### Work required
Exactly the lines from the one containing "Follow these simple" through the end of the records must be reproduced; leave out all pictures.

### Provided records
---+---

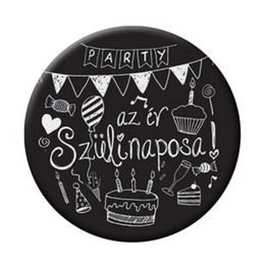 Az Év Szülinaposa feliratú fekete kitűző, mely kitűnő kiegészítő az ünnepeltnek.
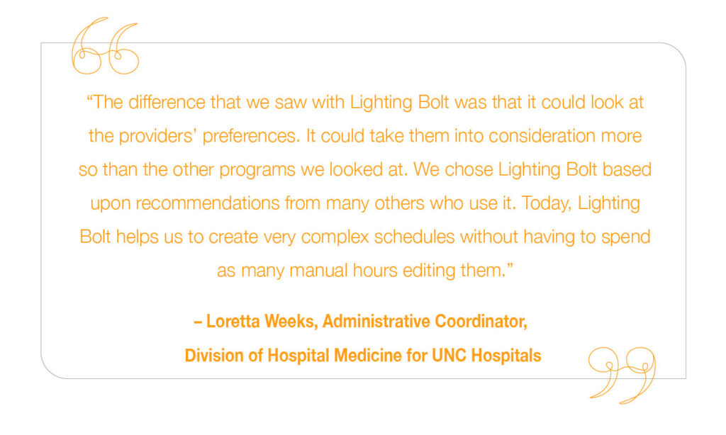 Loretta Weeks, the Administrative Coordinator for the Division of Hospital Medicine for UNC Hospitals, said PerfectServe’s Lightning Bolt Scheduling solution has helped the hospitalist group balance both in-patient and teaching services.
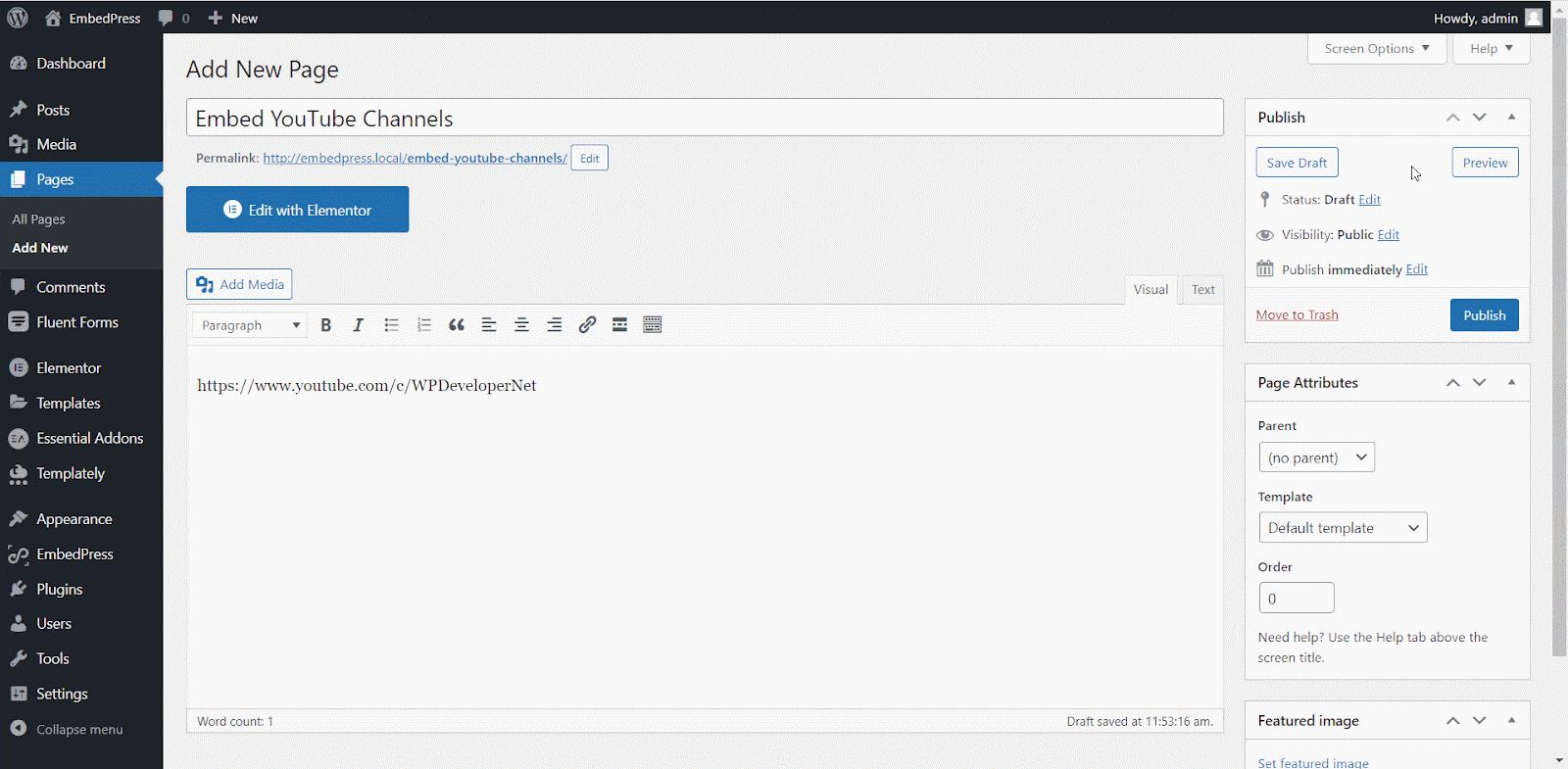 Follow these simple steps to embed the YouTube channels in Elementor using the EmbedPress plugin easily.
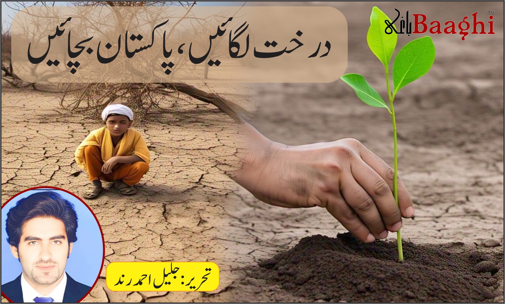 درخت لگائیں، پاکستان بچائیں تحریر : جلیل احمد رند موسمیاتی تبدیلی آج دنیا کو درپیش سب سے بڑے چیلنجز میں سے ایک ہے اور پاکستان سب سے زیادہ خطرے سے
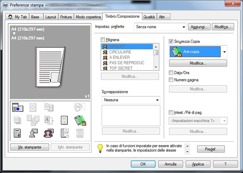 Nella scheda [Timbro/Composizione], selezionare la casella di controllo [Sicurezza Copia], quindi selezionare [Anti-copia].
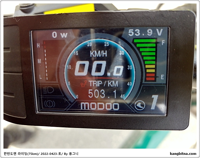 70km 조금 넘고 배터리 잡아먹는 고개는 두 군데 정도...
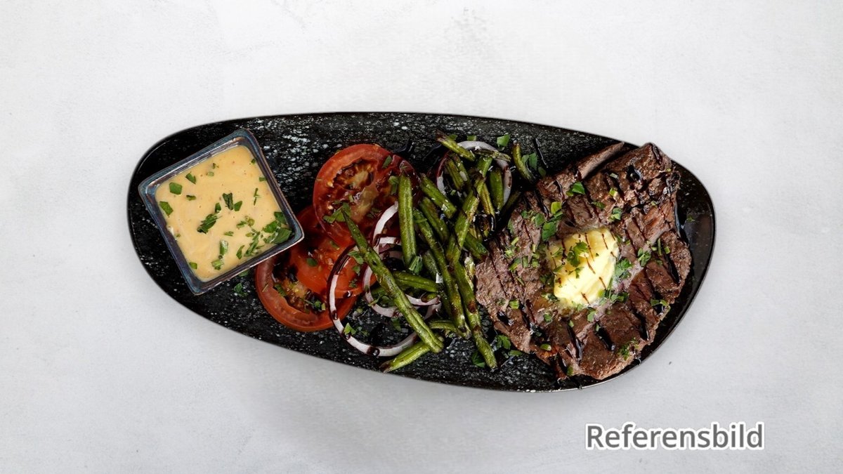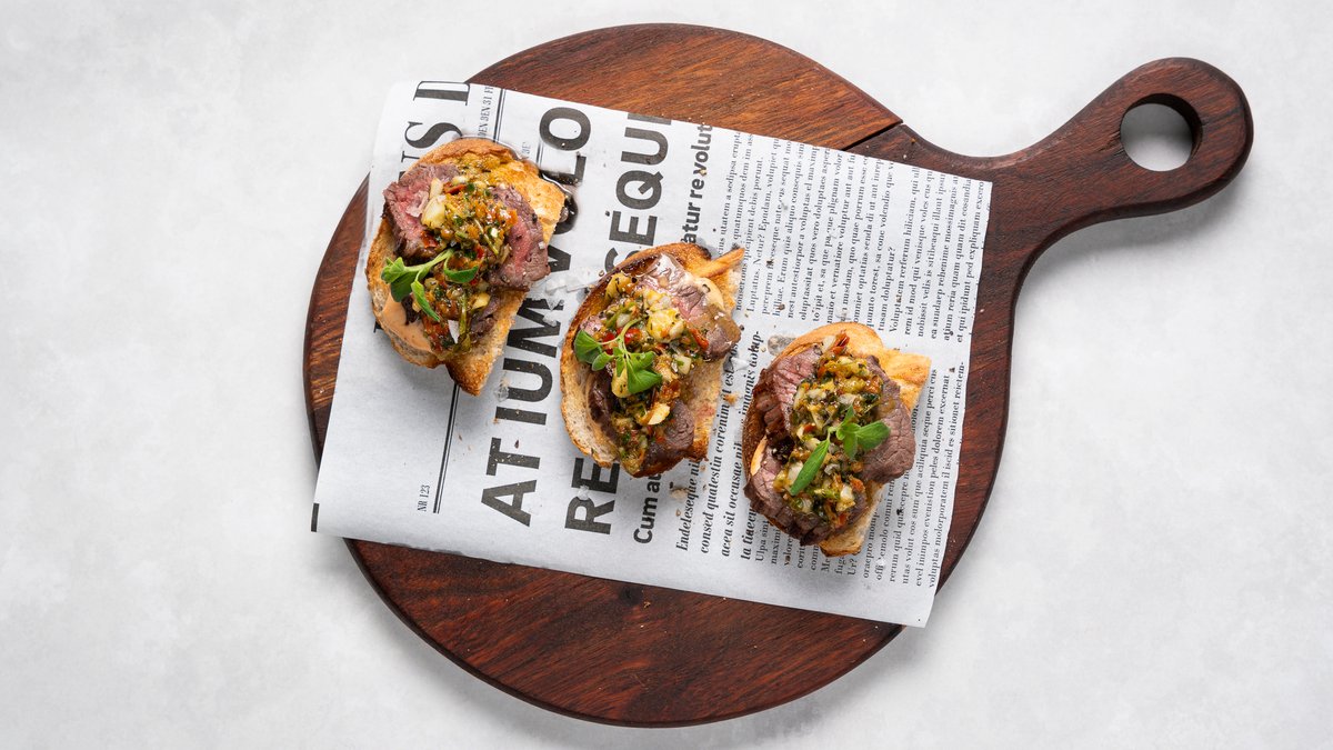 Rostat bröd med flankstek, chimichurri och chiliaioli.
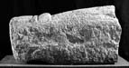 This hogback appears to have been undecorated except for its muzzled end-beast. The ridge is not distinguished and the top and sides are scabbled but otherwise completely plain. The only evident details are the division between the bear's ears, visible on faces D and E, which are plain flat lappets with rounded corners, and the raised band of the muzzle.
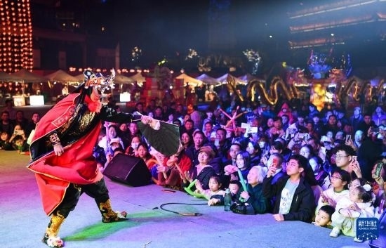 2月14日,市民和游客在重慶南濱路鐘樓廣場觀看川劇表演。
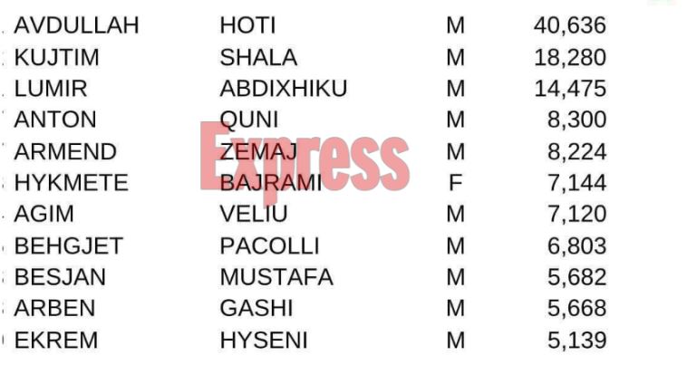 I 8-ti në këtë listë është Behgjet Pacolli me 6 mijë e 803, pastaj Besjan Mustaga me 5 mijë e 668 si dhe Arben Gashi me 5 mijë e 668.
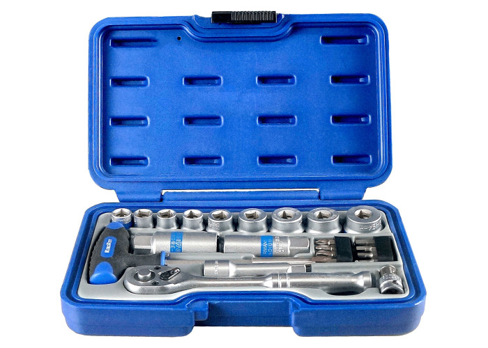 Набір інструментів професійного рівня. При виготовленні використана хром-ванадієва сталь, яка володіє відмінними властивостями, такими як міцність, жорсткість і стійкість до зношування. Детальна комплектація набору: 1/4 "DR   Викрутка-комірець 1/4 "   Біта HEX 3, 4, 5, 6   Біта SL 6   Біта PH PH1, PH2, PH3 3/8 "DR   Головка 10, 12, 13, 14, 17, 19, 21, 22, 24 мм   Головка свічкова 16, 21 мм   Тріскачка реверсивна з швидким скиданням   Подовжувач 75 мм   Адаптер-бітотримач 1/4 "3/8" (F) x1 / 4 "(F) HEX

---+---

### Answer space
 Follow these simple steps to embed the YouTube channels in Elementor using the EmbedPress plugin easily.
 درخت لگائیں، پاکستان بچائیں تحریر : جلیل احمد رند موسمیاتی تبدیلی آج دنیا کو درپیش سب سے بڑے چیلنجز میں سے ایک ہے اور پاکستان سب سے زیادہ خطرے سے
 Nella scheda [Timbro/Composizione], selezionare la casella di controllo [Sicurezza Copia], quindi selezionare [Anti-copia].
 70km 조금 넘고 배터리 잡아먹는 고개는 두 군데 정도...
 Rostat bröd med flankstek, chimichurri och chiliaioli.
 This hogback appears to have been undecorated except for its muzzled end-beast. The ridge is not distinguished and the top and sides are scabbled but otherwise completely plain. The only evident details are the division between the bear's ears, visible on faces D and E, which are plain flat lappets with rounded corners, and the raised band of the muzzle.
 2月14日,市民和游客在重慶南濱路鐘樓廣場觀看川劇表演。
 I 8-ti në këtë listë është Behgjet Pacolli me 6 mijë e 803, pastaj Besjan Mustaga me 5 mijë e 668 si dhe Arben Gashi me 5 mijë e 668.
 Набір інструментів професійного рівня. При виготовленні використана хром-ванадієва сталь, яка володіє відмінними властивостями, такими як міцність, жорсткість і стійкість до зношування. Детальна комплектація набору: 1/4 "DR   Викрутка-комірець 1/4 "   Біта HEX 3, 4, 5, 6   Біта SL 6   Біта PH PH1, PH2, PH3 3/8 "DR   Головка 10, 12, 13, 14, 17, 19, 21, 22, 24 мм   Головка свічкова 16, 21 мм   Тріскачка реверсивна з швидким скиданням   Подовжувач 75 мм   Адаптер-бітотримач 1/4 "3/8" (F) x1 / 4 "(F) HEX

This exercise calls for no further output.